Repository to hold the code for our UMICH SIADS Master of Applied Data Science Capstone project, with a focus on fact checking OpenAI's GPT-3.
- Git clone this repository
- Create a new Python or Anaconda environment for this project
pip install -r requirements.txt
Will install:
- Pandas (Operate on tabular data)
- TQDM (prints progress bars)
- Wikidata (structured queries to Wikidata; we're also firing off SparQL queries with the Python
Requests
built-in package) - OpenAI (GPT-3 interface, among other things)
- Seaborn (Visualization Package)
- Plotly (Visualization Package)
- python-dotenv (Secrets management)
- Specific versions of Python 3 Built-ins (Requests, matplotlib)
To replicate this analysis, open the Notebooks folder, and step through the numbered notebooks.
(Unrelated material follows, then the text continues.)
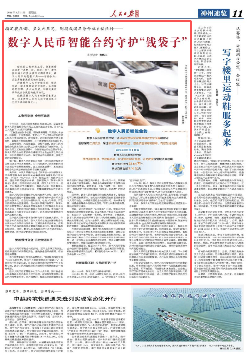 数字人民币运营管理中心有关负责人介绍,下一步将在总结推广已有模式的同时,协同成员银行加强数字人民币智能合约应用的创新探索,为行业发展和社会治理提供更多数智化服务。

The notebooks are numbered because certain stages build upon data retrieved in earlier stages, with exploratory data analysis (EDA) separated from long-running data gathering code.
- Code wholly generated by this team is released under the CC-0 License ("Universal Public Domain")
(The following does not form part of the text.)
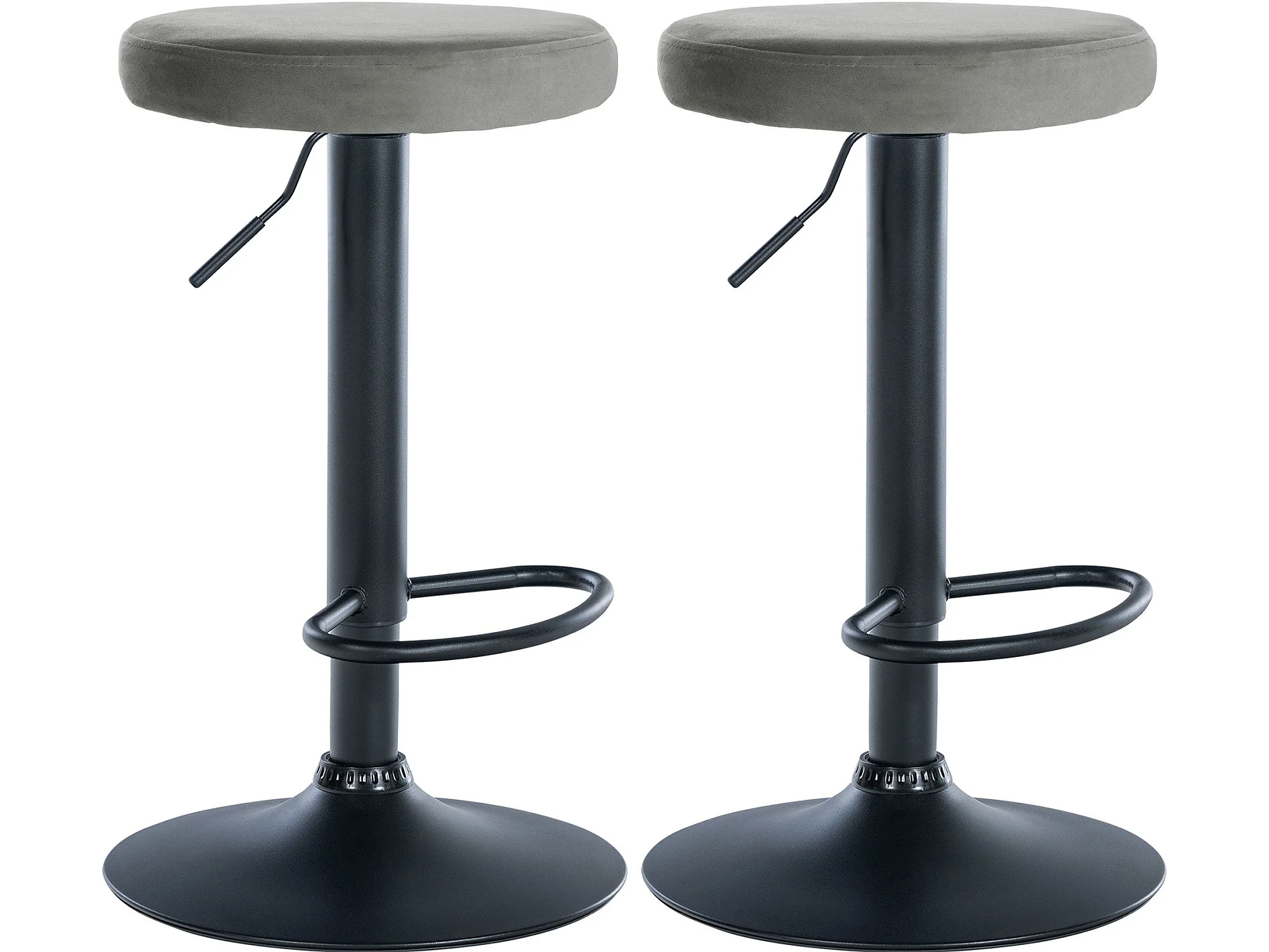 Lot de 2 Tabourets de bar - Velours & Métal - Gris - Ponte

- Other code used in this project released under a specific license can be reviewed in the
LICENSE
folder.
- Taxonomic Wikidata data was used in the creation of the prompts for this project. The data is available under CC-0 license, as per the Wikidata Data Access Policy.
- OpenAI GPT 3.5 was used in the creation of the responses. The use thereof is in accordance with the OpenAI Sharing & Publication Policy.